Figure 1. (a, c) Mean surface temperature (units: ℃) and (b, d) surface specific humidity (units: g kg- 1). The shaded and dashed line in (a) and (b) denote initial conditions from ECMWF and NCEP, respectively. The color dots represent surface observations.
It also can be seen that the specific humidity of both GMs data shows a similar characteristic over south China, and its distribution is consistent with the surface temperature and local topographic characteristics. For example, the high specific humidity is consistent with the low temperature, especially over the mountainous regions. Both ICs show a decreasing trend from the SCS to the inland with three lower water vapor centers over Jiangxi (JX) and Hunan (HN) Provinces and the PRD regions. However, the NCEP initialization provides a dryer environment than ECMWF does over south China, especially over the PRD regions. The general surface specific humidity over the LG is about 15 g kg-1 by NCEP, while that by the ECMWF reaches about 16-17 g kg-1 over this region. The ECMWF shows an overestimation of the water vapor over south China, while the NCEP presents a more consistent distributions of the water vapor over south China. Both ICs underestimate the high coverage of water vapor over the PRD regions. The observations show a high water vapor center over this region, while the ICs present an opposite low water vapor center over the PRD.

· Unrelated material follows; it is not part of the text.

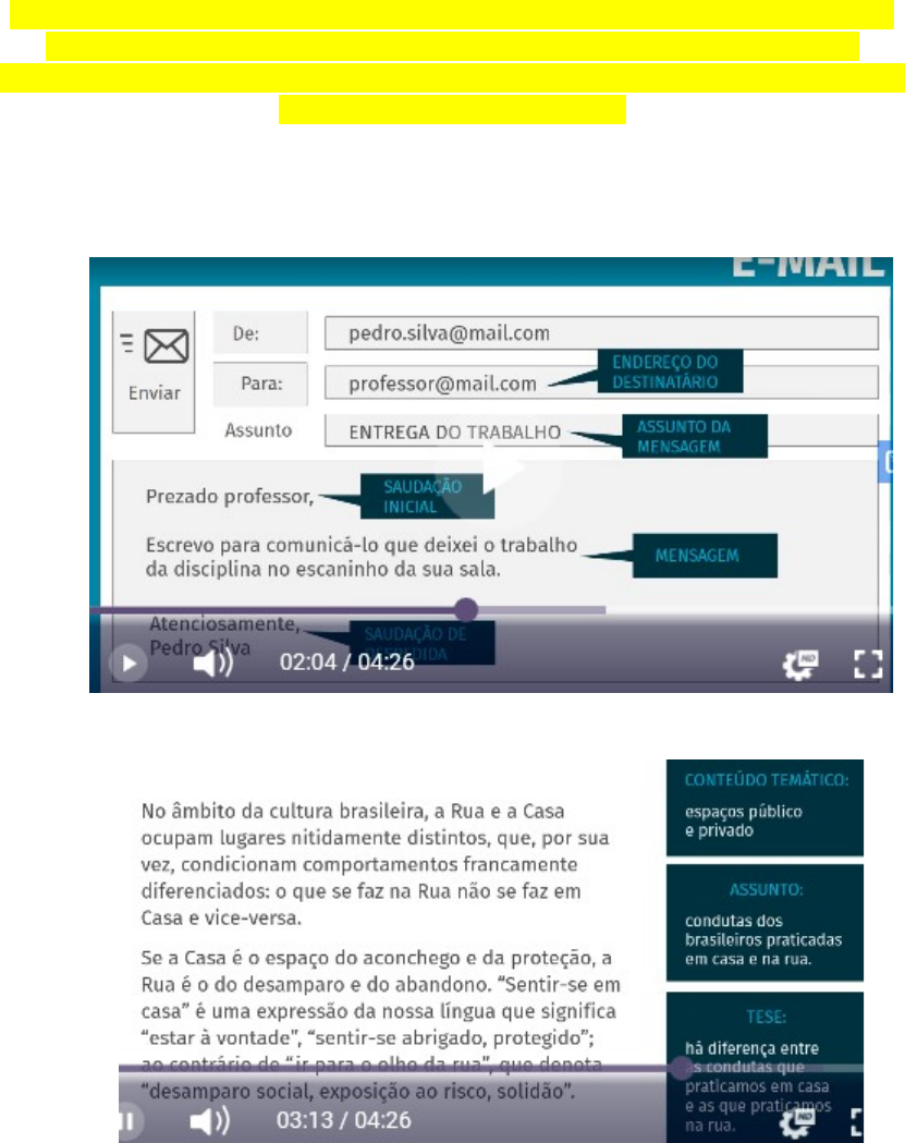 Estilo, composição e tema Ao final deste texto, você deve apresentar os seguintes aprendizados: # Identificar os gêneros do discurso. # Comparar as variadas formas de estilo, composição e tema de diferentes gêneros textuais. # Analisar textos de acordo com as características do gênero textual adotado. Gêneros textuais Os gêneros textuais são tipos de enunciados relativamente estáveis, caracterizados por um conteúdo temático, uma construção composicional e um estilo. A seguir, você pode reconhecer as características de um texto específico em termos da composição, do conteúdo temático e do estilo nele presentes. Generos textuais são compostos: · Composição, diz respeito a estruturação e aspecto formal do gênero. Tipo: email. · conteúdo temático diz respeito ao domínio de sentido que se ocupa o texto. · Exempl. Texto dissertativo · · Estilo, refere-se ao modo de apresentação do conteúdo por meio de recursos gramaticais e lexiológicos da língua. · Isto é, os gêneros textuais são uma realidade empírica, conectados à sua função comunicativa e social. Gêneros textuais têm essa relação sociocomunicativa, não são imutáveis. Eles podem sofrer mudanças, como ocorreu com notícias, ou outros textos na internet, que, além da escrita, apresentam links para outras reportagens e vídeos (antes tinham apenas textos e imagem), bem como possibilidade de interação com leitor e entre leitores. Um mesmo texto, de determinado gênero, pode apresentar sequências linguísticas, denominadas tipos textuais, que apresentam entre si similaridades e distinções. A narração tem como objetivo principal contar uma história, um acontecimento, situada em um tempo e espaço. Tem como características linguísticas um verbo que indica mudança de estado. A descrição tem como objetivo representar, por meio de palavras, algo, podendo ser feita de modo subjetivo ou objetivo (verbos de ligação e verbos de estado). A exposição tem como objetivo apresentar informações de modo claro e conciso (e objetivo, sempre) sobre algo específico (por exemplo, um fato ou objeto), identificar e ligar fenômenos. A injunção tem como objetivo instruir, incitar, mandar. Entre suas características linguísticas, há o uso de verbos no modo imperativo, no infinitivo ou no presente do indicativo. A argumentação (dissertação) objetiva conquista a adesão da audiência por meio de argumentos. É comum o uso de conjunções para o estabelecimento de relações lógicas. Alguns tipos acabam se tornando característicos de determinados gêneros, como a narração é comum em gêneros literários, assim como a descrição. Estilo, composição e tema Na perspectiva de Bakhtin (2004), os gêneros possuem uma forma de composição, um conteúdo temático e um estilo. De acordo com esses autores, na composição de um gênero textual é considerada a forma de organização, a distribuição de elementos e as informações e os elementos não verbais: a cor, o padrão gráfico ou a diagramação típica, as ilustrações. O texto 1 é uma tirinha, estrutura por poucos quadros, com enunciados curtos em balões de fala, com relação simbiôntica entre verbal e não verbal. O texto 2 reportagens de um site de uma revista de divulgação científica e cultural, com identificação das seções, título, lead, data de atualização e autor, links para compartilhar em redes sociais digitais, imagem relacionada com o tema, seguida pelo corpo do texto, iniciado sempre por uma breve introdução ou contextualização, com indicação de leituras extras. O texto 3 artigos científico publicado em uma revista digital. No espaço dedicado ao artigo científico, é apresentado o título, seguido dos nomes dos autores, dos dados bibliográficos e de outras funcionalidades também próprias ao meio digital, resumo (abstract), e, mesmo não aparecendo na imagem ilustrativa, sabe-se que se seguirá a introdução, a metodologia, os resultados, a discussão destes e as referências. O tema de um gênero textual diz respeito ao assunto mais geral possível. Assim, em uma poesia, predominará a subjetividade, em uma reportagem, haverá informações sobre o cotidiano, acontecimentos contemporâneos expressos de modo o menos parcial possível, um artigo científico apresentará resultados de estudos e pesquisas e uma crítica trará uma apreciação sobre uma obra com exposição de suas características. O estilo, descrito aqui, diz respeito não ao do autor, mas ao do gênero. Uma tirinha terá uma linguagem coloquial, humorística, às vezes com crítica social. Uma reportagem, por outro lado, tenderá para uma linguagem mais formal, porém acessível. Já um artigo científico não só terá uma linguagem formal (norma culta) como também uma linguagem técnica própria à área de conhecimento. Gênero textual e compreensão O leitor, ou interlocutor (no caso de gêneros orais), consegue entender os textos devido também a uma competência metagenérica, que, segundo Koch e Elias (2006, p. 102), “[...] possibilita [ao leitor] interagir de forma conveniente na medida em que se envolvem em diversas práticas sociais [...]”. Essa mesma competência é que orienta a produção de um determinado gênero textual, como um resumo, um artigo. Alguém que nunca tenha lido um mangá (história em quadrinhos japonesa), ou não saiba o que é, provavelmente começaria a “ler” a história da esquerda para a direita, seguindo a orientação de leitura e escrita ocidental, e dificilmente conseguiria entender algo até perceber a orientação correta, da direita para a esquerda. Os mangás não têm apenas a orientação diferente da ocidental, há também códigos próprios do gênero e da cultura, assim como um estilo de desenho que os distinguem das histórias em quadrinhos ocidentais. Outra coisa que influencia a compreensão desses dois gêneros, da mesma forma que tirinhas e cartuns, é a relaç

Note that warm and wet background is favorable for the formation of precipitation, which may cause extreme precipitation over this region, e.g., the extreme precipitation over Zengcheng district of Guangzhou on 7 May 2017. The 3-h accumulated rainfall in Xintang Town of Zengcheng reaches 382.6 mm, breaking the historical maximum of 3-h accumulated rainfall in Guangdong Province. However, none of the NWP models could predict this extreme precipitation, and both the GFS models show an underestimation of the surface temperature at about 3-4 degree over this region. As shown in Fig. 2, the surface temperature given by both ICs of NCEP and ECMWF generally show extreme cold biases over south China, especially over the PRD region. It reaches more than 30℃ in observations whereas it is less than 23℃ in the ICs. The vertical profile of temperature by both GMs, however, exhibits no significant bias in Hong Kong (Fig. 3), which is located over the south of the PRD regions.
Figure 2. The same as Fig. 1, but for 1200 UTC 7 May 2017.

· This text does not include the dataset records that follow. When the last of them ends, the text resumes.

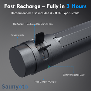 Saunyoto Starlink Power Stand – More than just a power bank, it's the centerpiece of your mobile connectivity. Cut the cord, declutter your space, and unlock true power freedom.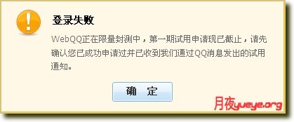 當(dāng)然,如果您的網(wǎng)速夠快,通常看不到這樣一個(gè)頁(yè)面,而會(huì)直接跳轉(zhuǎn)到登錄成功后的WebQQ頁(yè)面;而如果你的機(jī)器較差,或者網(wǎng)速較差,又或者有點(diǎn)RPWT,那么你可能需要等待一會(huì)兒,甚至需要強(qiáng)制刷新一下。而沒(méi)有通過(guò)封測(cè)邀請(qǐng)的朋友,如果你登錄,可能也會(huì)碰到這個(gè)頁(yè)面,強(qiáng)制刷新,則會(huì)彈出消息,提示你: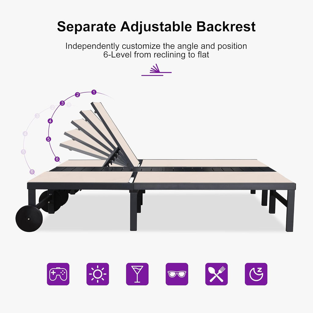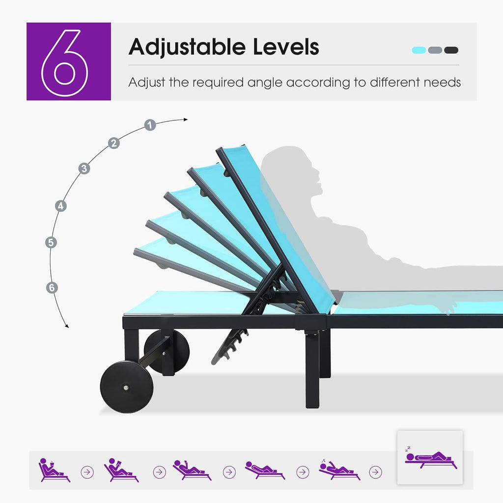 PURPLE LEAF Outdoor Chaise Lounge Chairs Set Recliner Aluminum Adjustable Chair with Wheels and Table for Poolside Beach Patio Reclining Sunbathing Lounger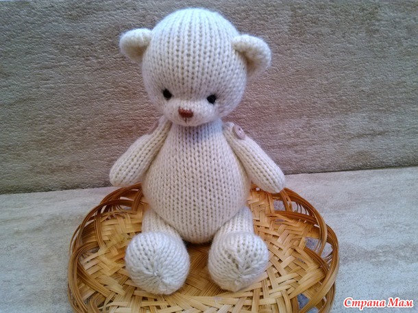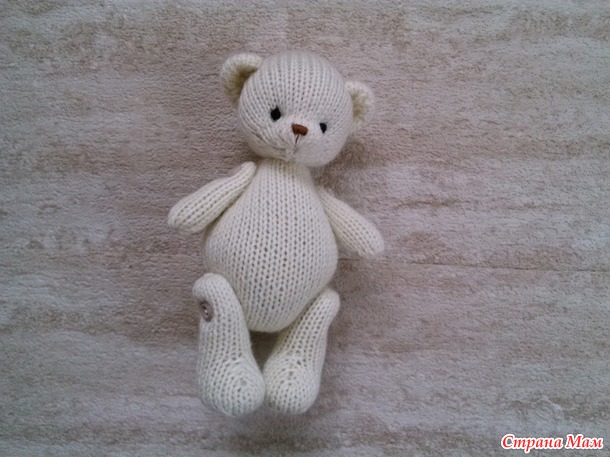 Мишка связан из 100% шерсти, спицы, рост 17 см. Впервые набивала овечьей шерстью. Мне очень понравилось, шерсть ложится как надо, как пластилин. Ручки , ножки двигаются,пуговичное крепление, глазки,носик вышиты. Мишка связан пр МК Евгении Елизаровой. Читать полностью

Figure 3. Comparisons of vertical profile of (a) temperature (units: ℃) and (b) specific humidity (units: g kg-1) at Hong Kong between observation (black line) and the initial conditions from ECMWF (red line) and NCEP (blue line).
Surface specific humidity over the PRD regions exhibits a low value center with less than 14 g kg-1 by both GMs, while the observations show an opposite distribution which reaches more than 20 g kg-1 in the high value center. The dry biases by the GMs could also be seen from the vertical profile at Hong Kong stations (Fig. 3), which the dry biases both reach about 1.2 g kg-1 at 850 hPa and 1.7 g kg-1 at 1000 hPa, respectively.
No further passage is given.